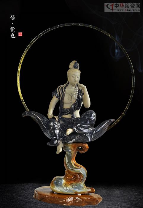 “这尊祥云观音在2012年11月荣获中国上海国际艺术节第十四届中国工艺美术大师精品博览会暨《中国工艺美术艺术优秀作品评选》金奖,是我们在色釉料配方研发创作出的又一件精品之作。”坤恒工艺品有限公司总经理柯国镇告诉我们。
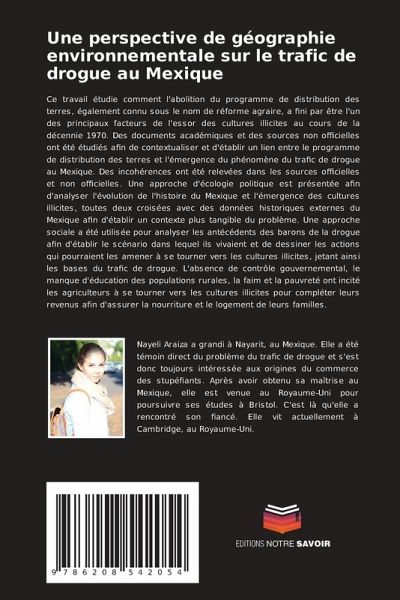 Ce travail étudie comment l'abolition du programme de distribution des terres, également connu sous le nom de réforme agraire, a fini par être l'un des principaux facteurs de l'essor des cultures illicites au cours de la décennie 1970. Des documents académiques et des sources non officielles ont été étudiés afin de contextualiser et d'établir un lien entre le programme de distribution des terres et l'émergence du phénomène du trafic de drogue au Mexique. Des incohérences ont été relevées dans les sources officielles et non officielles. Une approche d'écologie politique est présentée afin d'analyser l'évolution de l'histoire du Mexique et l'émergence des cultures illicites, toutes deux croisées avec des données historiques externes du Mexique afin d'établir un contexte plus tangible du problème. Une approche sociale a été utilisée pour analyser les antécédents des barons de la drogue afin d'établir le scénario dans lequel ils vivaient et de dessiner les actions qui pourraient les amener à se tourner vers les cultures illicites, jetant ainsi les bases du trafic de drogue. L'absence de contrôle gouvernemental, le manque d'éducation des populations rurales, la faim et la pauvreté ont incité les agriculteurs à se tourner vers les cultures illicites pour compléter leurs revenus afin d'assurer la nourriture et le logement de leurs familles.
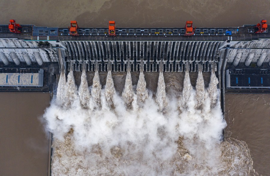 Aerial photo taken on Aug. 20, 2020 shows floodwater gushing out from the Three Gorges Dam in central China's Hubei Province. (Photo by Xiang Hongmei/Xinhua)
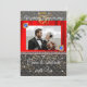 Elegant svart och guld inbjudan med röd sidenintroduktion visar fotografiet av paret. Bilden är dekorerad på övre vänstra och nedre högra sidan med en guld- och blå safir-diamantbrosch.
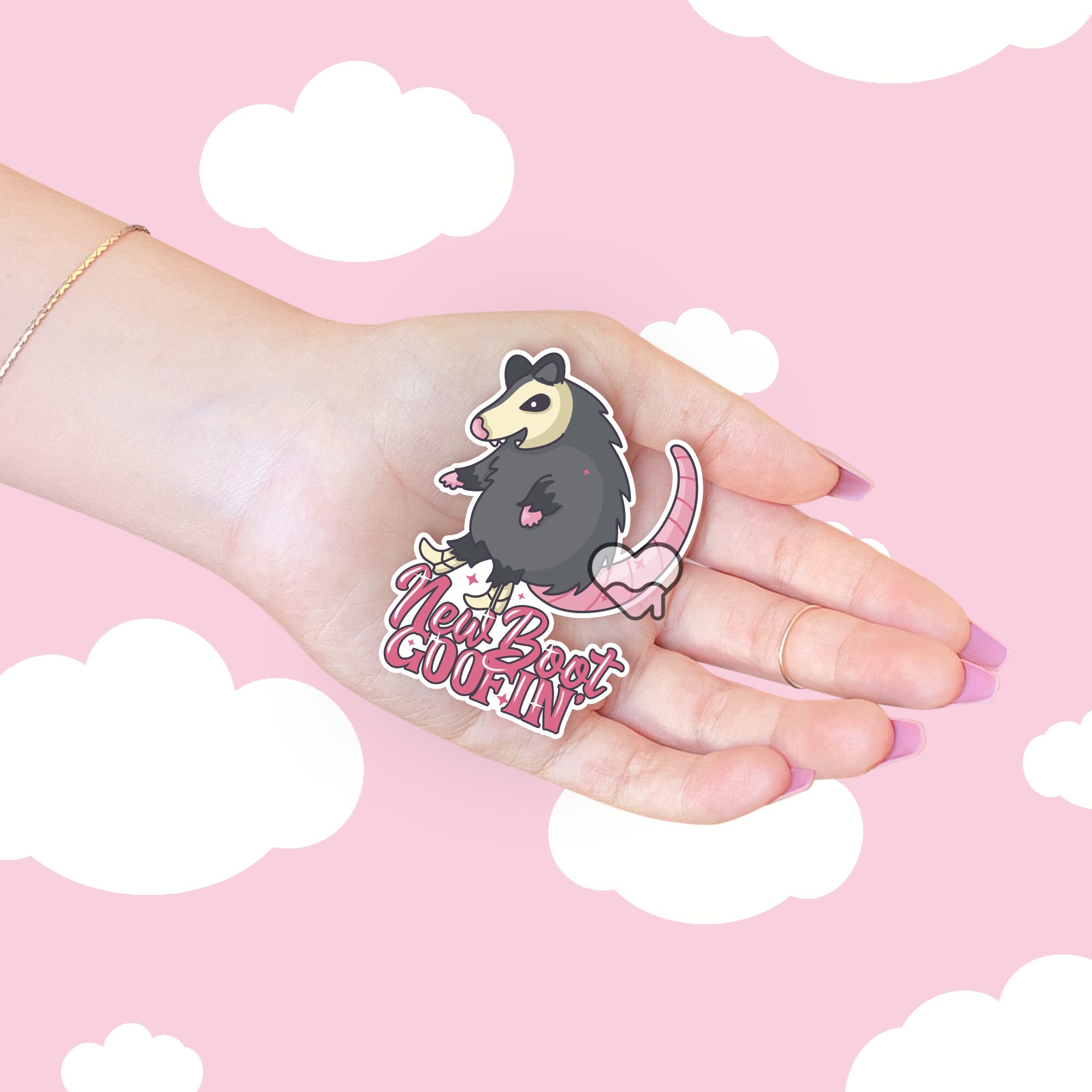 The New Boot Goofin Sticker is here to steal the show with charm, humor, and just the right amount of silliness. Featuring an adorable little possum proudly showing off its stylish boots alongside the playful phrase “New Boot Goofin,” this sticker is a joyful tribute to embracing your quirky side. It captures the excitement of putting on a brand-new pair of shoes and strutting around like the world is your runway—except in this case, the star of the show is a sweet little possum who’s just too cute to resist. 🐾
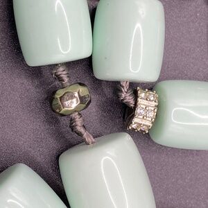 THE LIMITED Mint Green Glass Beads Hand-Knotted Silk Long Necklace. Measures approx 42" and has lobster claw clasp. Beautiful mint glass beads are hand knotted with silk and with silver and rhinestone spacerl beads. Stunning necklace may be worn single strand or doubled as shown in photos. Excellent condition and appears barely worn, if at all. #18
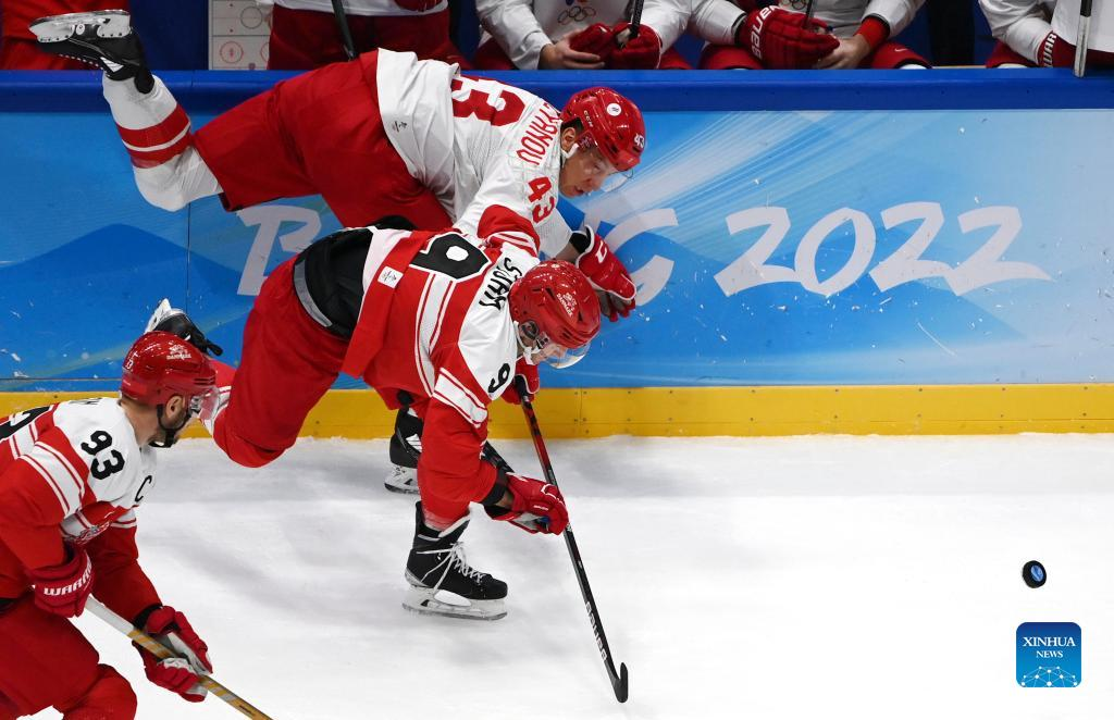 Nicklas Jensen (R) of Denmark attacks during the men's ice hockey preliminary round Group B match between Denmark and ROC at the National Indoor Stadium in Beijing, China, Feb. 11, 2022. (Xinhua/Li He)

****

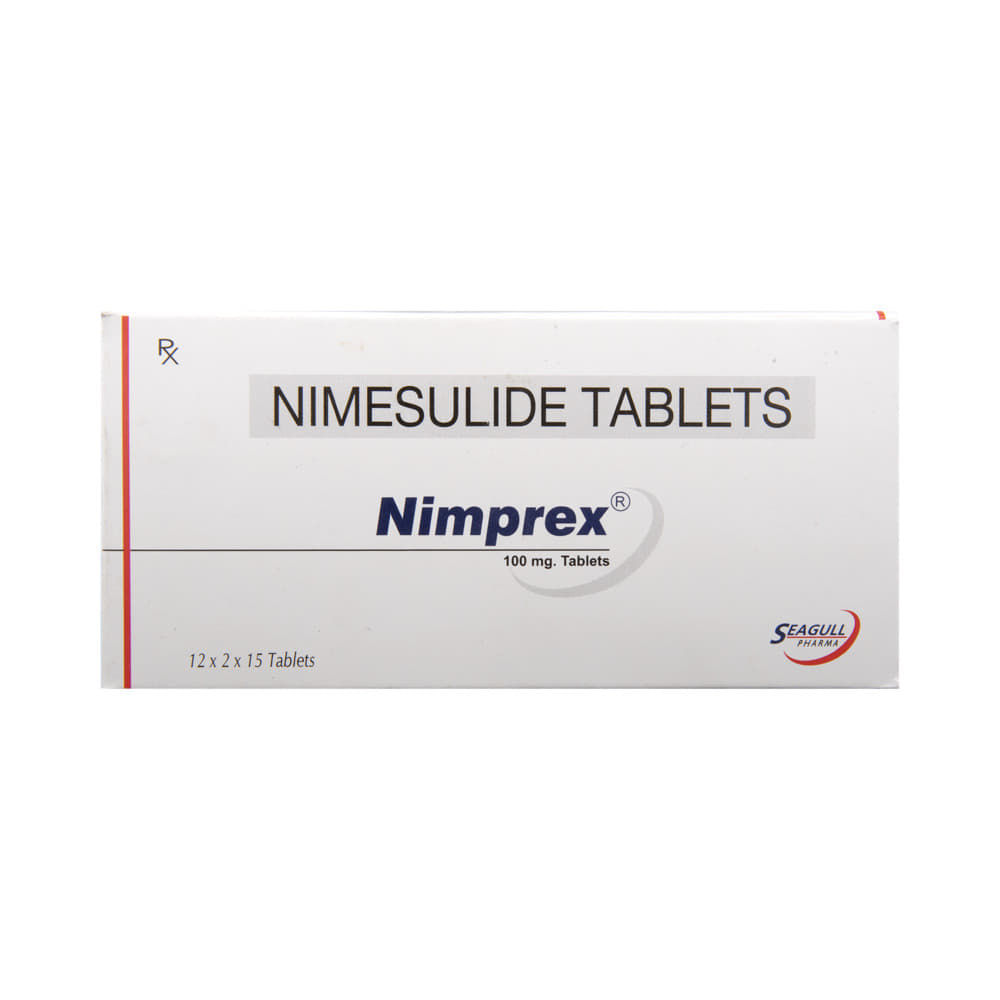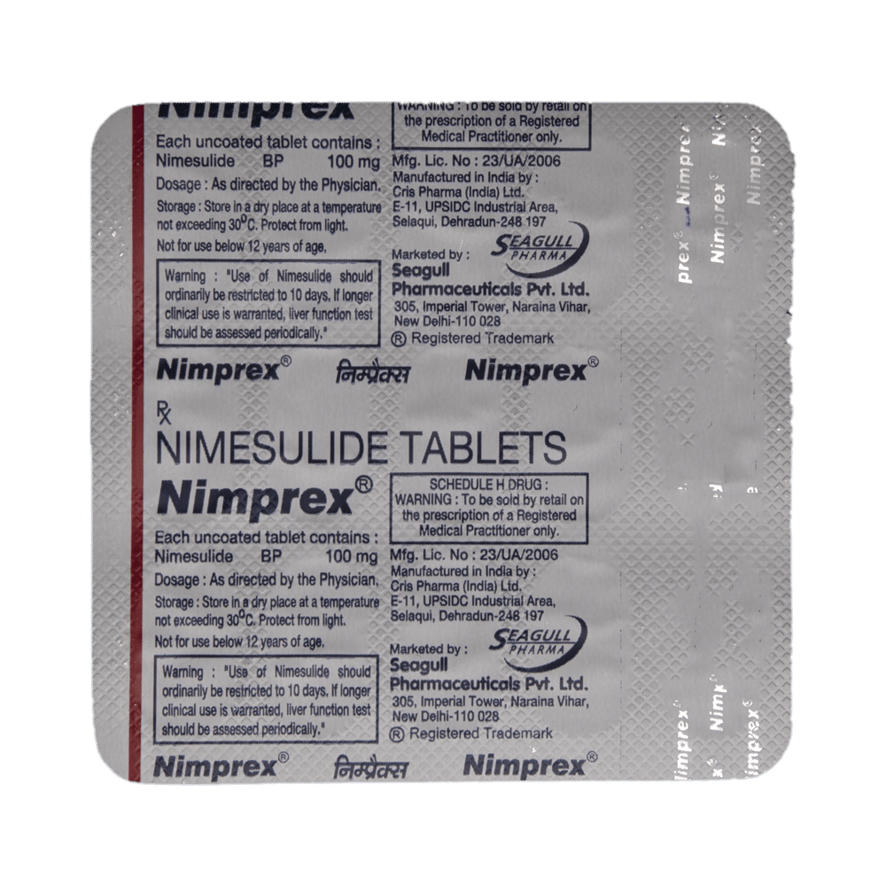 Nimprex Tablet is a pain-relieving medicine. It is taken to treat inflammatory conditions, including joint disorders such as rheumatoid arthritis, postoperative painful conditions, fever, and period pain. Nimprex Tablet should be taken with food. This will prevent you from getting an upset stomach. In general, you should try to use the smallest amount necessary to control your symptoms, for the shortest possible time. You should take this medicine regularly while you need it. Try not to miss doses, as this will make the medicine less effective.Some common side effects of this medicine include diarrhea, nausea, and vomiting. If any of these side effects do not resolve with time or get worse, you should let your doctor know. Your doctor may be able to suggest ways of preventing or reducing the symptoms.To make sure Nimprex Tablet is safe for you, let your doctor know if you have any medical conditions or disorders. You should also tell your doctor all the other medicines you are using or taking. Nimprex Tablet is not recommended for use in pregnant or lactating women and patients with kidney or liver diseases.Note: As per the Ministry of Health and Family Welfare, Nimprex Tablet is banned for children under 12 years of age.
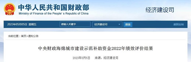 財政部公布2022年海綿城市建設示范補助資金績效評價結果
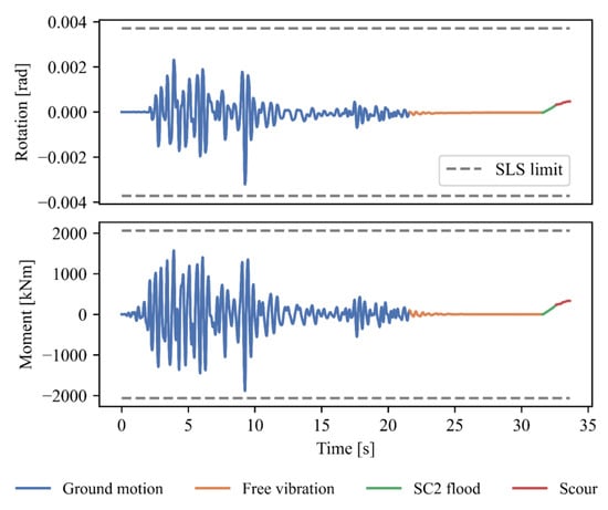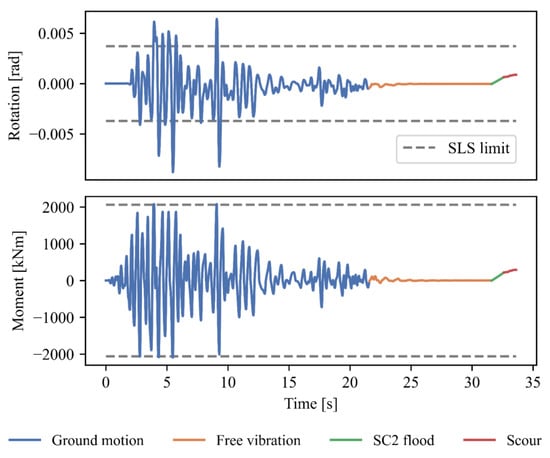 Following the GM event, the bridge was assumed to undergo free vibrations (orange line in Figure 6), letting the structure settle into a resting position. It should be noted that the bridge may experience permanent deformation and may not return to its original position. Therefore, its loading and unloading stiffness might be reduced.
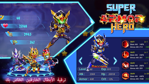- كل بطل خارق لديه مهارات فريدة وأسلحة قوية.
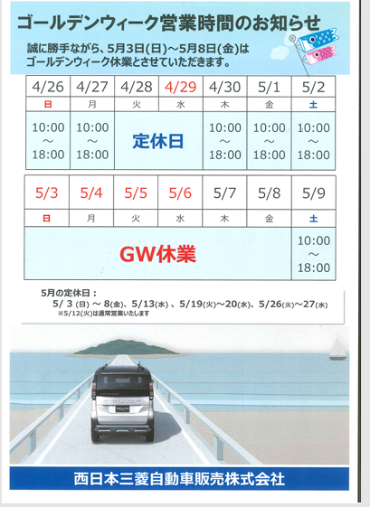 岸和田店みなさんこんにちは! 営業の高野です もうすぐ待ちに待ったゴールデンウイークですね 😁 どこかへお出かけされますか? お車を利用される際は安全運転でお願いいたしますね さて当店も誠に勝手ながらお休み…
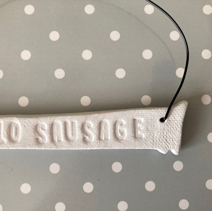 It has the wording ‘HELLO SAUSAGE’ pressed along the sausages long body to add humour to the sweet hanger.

****

What needs to be done:
Using the data above, give again exactly the lines starting at the one holding "岸和田店みなさんこんにちは! 営業の高野です もうすぐ待ちに待ったゴールデンウイークですね" and ending at the one holding "It has the wording", inclusive, and nothing more. Omit the pictures.

Finished task:
 岸和田店みなさんこんにちは! 営業の高野です もうすぐ待ちに待ったゴールデンウイークですね 😁 どこかへお出かけされますか? お車を利用される際は安全運転でお願いいたしますね さて当店も誠に勝手ながらお休み…
 It has the wording ‘HELLO SAUSAGE’ pressed along the sausages long body to add humour to the sweet hanger.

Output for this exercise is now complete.